Extract Table data from PDF

datatable
studio

#1

Input to my workflow is PDF documents from a folder that do not have a standard format. I need to extract order details which is in tabular format in the PDF. Apart from the tabular data the PDF will also contain paragraphs or customer information. I could identify the line where the tabular data starts by extracting line by line data from PDF by splitting the PDF content using environment.NewLine and by using string function.

Question here is how do we extract the tabular data? If i read using OCR, the data gets realignned without retaining the actual position which makes it difficult to split the fields. Since the position where the tabular data is present varies for each template, i need to pass the clipping region dynamically and extract structured data based on that. Appreciate your help on this with a simple example.


#2

Hi,
If PDF is native then try with data scraping wizard.(works for tabular data)


#3

Data scraping doesn’t work in my case.


#4

Oh ok then…:roll_eyes:
All i think of is either by scraper or read pdf text but the both will return string output and then
You need to make use of indexing and substring to get each item and then pass to excel(optional).

PS: How about Generate Table activity : Generates a DataTable variable from unstructured data .
In CE 2017 edition it is integrated with scraper where user has the option to choose Column separator (space/tab/newline) and newline separator (space/tab/newline) and return the data table as the output.

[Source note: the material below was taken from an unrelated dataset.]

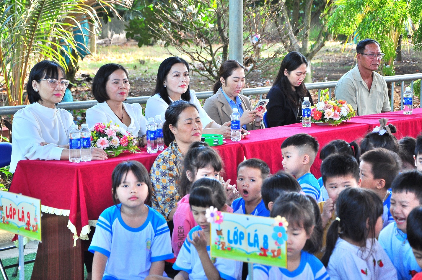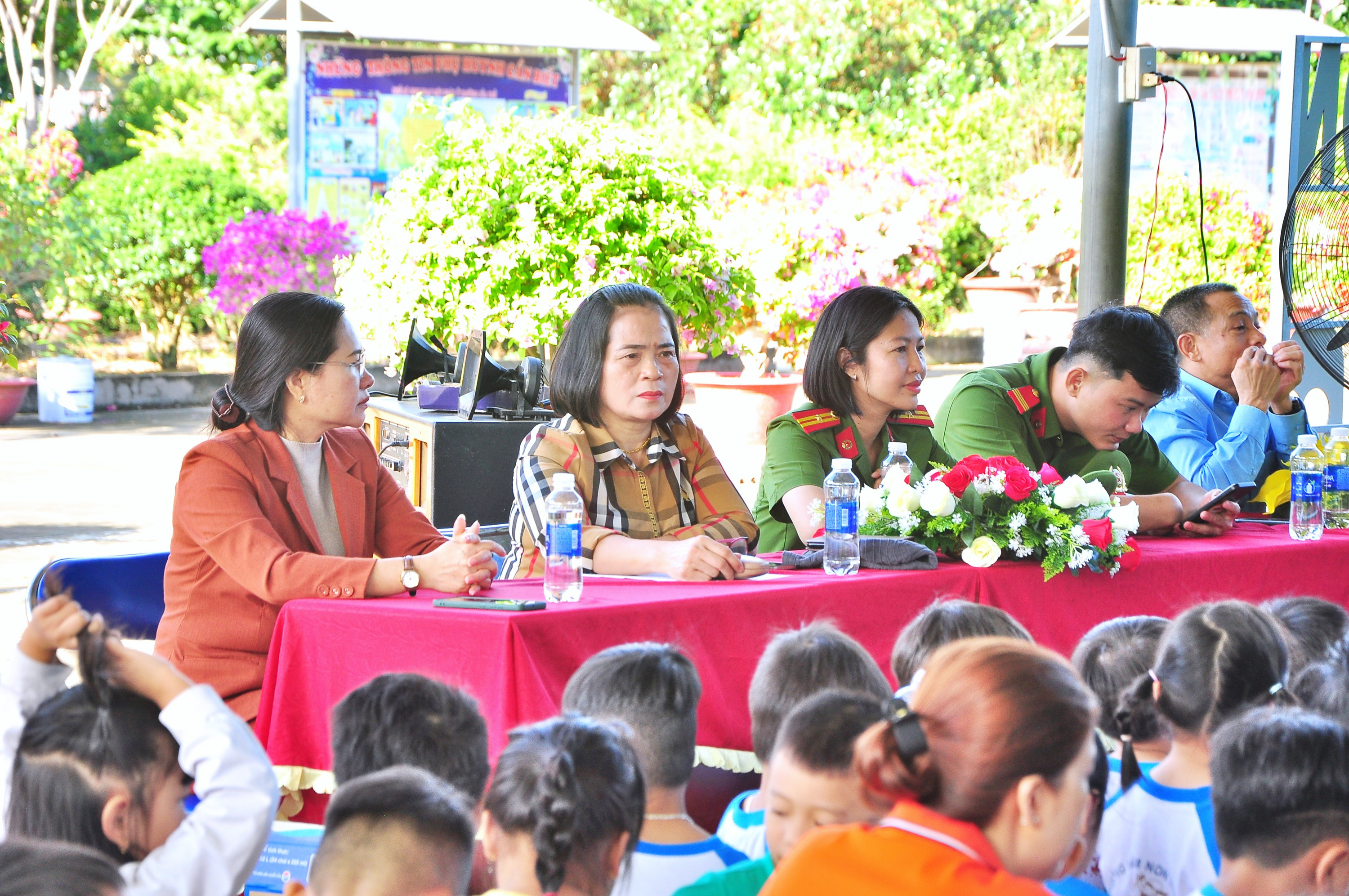 Đại diện Phòng giáo dục - đào tạo huyện, hội cha mẹ học sinh cùng Ban giám hiệu, giáo viên của trường dự buổi tuyên truyền

How to exctract unstructured PDF data to excel table format
#5

@ddpadil

hi ,

can you show me how to use generate table activity

Thanks in Advance


#6

Give a try with CE 2017. :slight_smile:
For reference.
(right down the screen)
generate datatable
table


#7

Thanks ddpadil


#8

What if the tabular content is present in more than 1 page? and format is not standard?


#9

Two Option
1.Use Read PDF activity and then you have choice to set the PDF page number.(extracting process remains same as mentioned in previous comment.)
2.Else you just have to use PDF shortcut keys (Ctrl+Shift+n or page down) by using SendHotKey Activity and perform Extracting.


#10

This will not work for my scenario. Attaching the samples. The position where the tabular data is present will vary for each format.Sample.pdf (178.0 KB)
Sample1.pdf (181.6 KB)


#11

Hi,

Which details you want to extract … like total,


#12

hi @lissynikkytha,

can you try this,txt read from pdf.xaml (13.2 KB)

then, use replace activity to replace space into camma separator and save csv format… so the csv file contains structured data


#13

what fields do you want to extract from the sample templates. Please list the exact fields.


How to extract data from table which is in pdf format?
#14

I want the tabular data which has product code, product description, supplier id, Csct, Quantity, unit price and extended price to be extracted. If I replace space by comma separator, description with space in between will be difficult to handle


#15

@ddpadil

Can you please explain in detail.